A fairly long time ago, there was a thread on the Arch forums about clearing your pacman cache.
Pacman’s normal -Sc will remove all versions of any packages that are
no longer installed and -Scc will clear that plus old versions of
packages that are still installed.
The poster wanted a way to run -Scc but also keep the last 1 or 2
versions back from installed. There was no support for this in pacman
directly, so a bit of a bash-off ensued.
I wrote a pretty crappy script which I posted there, it laid around in
my ~/.bin collecting dust for a while, but I recently rewrote it. I’m
pretty proud of the result for its effectiveness and succinctness, so I
think it deserves a little discussion.
The methodology of the two versions is the same, but this new version leans heavily on good ol’ unix shell-scripting principles to provide the exact same functionality in way less code, memory, and time.
Approach ๐
The first approach discussed on the thread was to parse filenames for
package and version, then do a little sort-grepping to figure out
which versions to keep and which versions to discard. This method is
fast, but provably inaccurate if a package name contains numbers on the
end.
I went a different way.
For each package, pull the .PKGINFO file out of the archive, parse the
pkgname and pkgversion variables out of it, then do the same
sort-grepping to figure out what to discard.
My first implementation of this algorithm was really bad. I’d parse and
write pkgname|pkgversion to a file in /tmp. Then I’d grep unique
package names using -m to return at most the number of versions you
want to keep (of each package) and store that in another file. I’d then
walk those files and rm the packages.
Ick.
Needs moar unix ๐
The aforementioned ugliness, plus some configuration and error checking weighed in at 162 lines of code, used two files, and was dirt slow. I decided to re-attack the problem with a unix mindset.
In a nutshell: write small units that do one thing and communicate via simple text streams.

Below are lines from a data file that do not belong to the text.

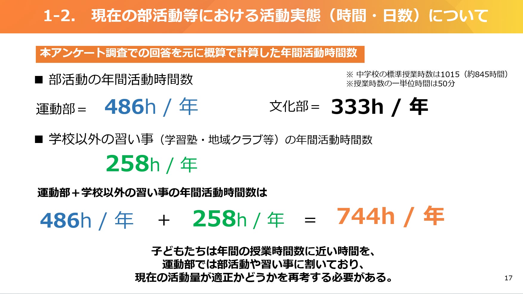 運動部+学校以外の習い事の年間活動時間数は744h/年(概算)。年間の授業時間数(約845時間)に近い時間を費やしている。
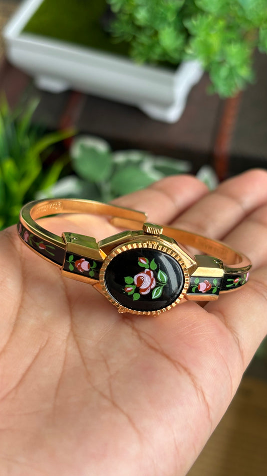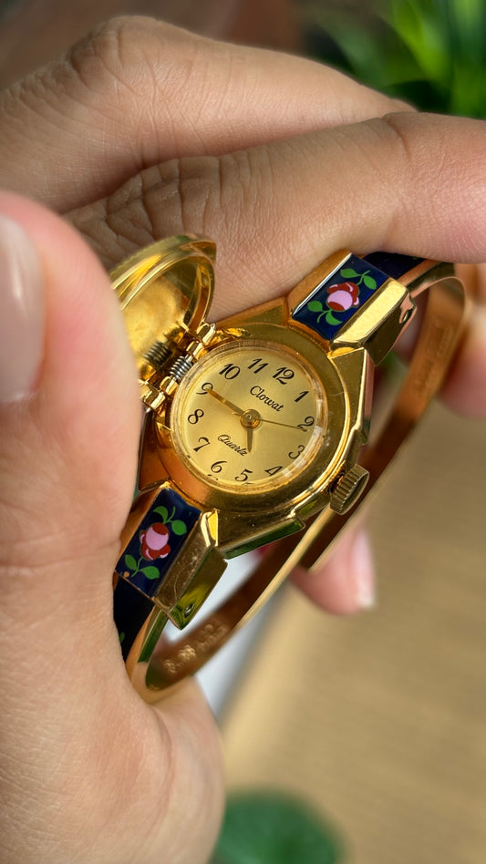 Extremely Rare Vintage Clowat by Seiko Flower Peekaboo Swiss Watch in Gold Tone Black Accent
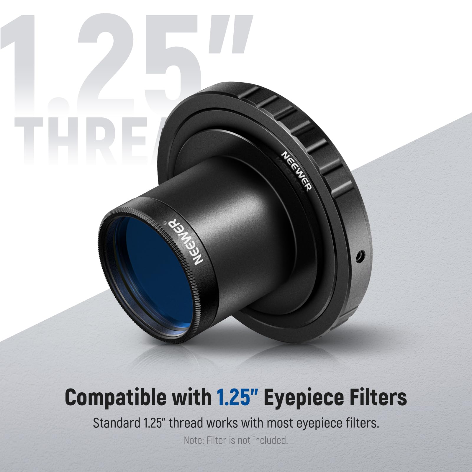 Idéal pour la photographie à mise au point directe : tu fixes ton reflex sur le télescope et tu captes le ciel profond sans intermédiaire. Poids léger : environ 69 grammes.
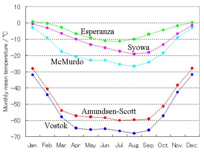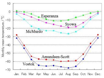 Keywords: Antarctic monthly mean temperature.PNG en Antarctic monthly mean temperature ja 南極の 別平 気温 Own As6022014 2009-12-4 Polar climate

The first unit this script needs is a parser. It should accept a list of
packages (relative file paths) on stdin, parse and output two
space-separated values on stdout: name and path. The path will be
needed by the next unit down the line, so we need to pass it through.
parse() {
local package opt
while read -r package; do
case "$package" in
*gz) opt='-qxzf' ;;
*xz) opt='-qxJf' ;;
esac
bsdtar -O $opt "$package" .PKGINFO |\
awk -v package="$package" '/^pkgname/ { printf("%s %s\n", $3, package) }'
done
}
11 lines and damn fast. Thank god for bsdtar’s -q option. It tells
the extraction to stop after finding the file I’ve requested. Since the
.PKGINFO file is usually the first thing in the archive, we barely do
any work to get the values.
It’s also done completely in RAM by piping tar directly to awk.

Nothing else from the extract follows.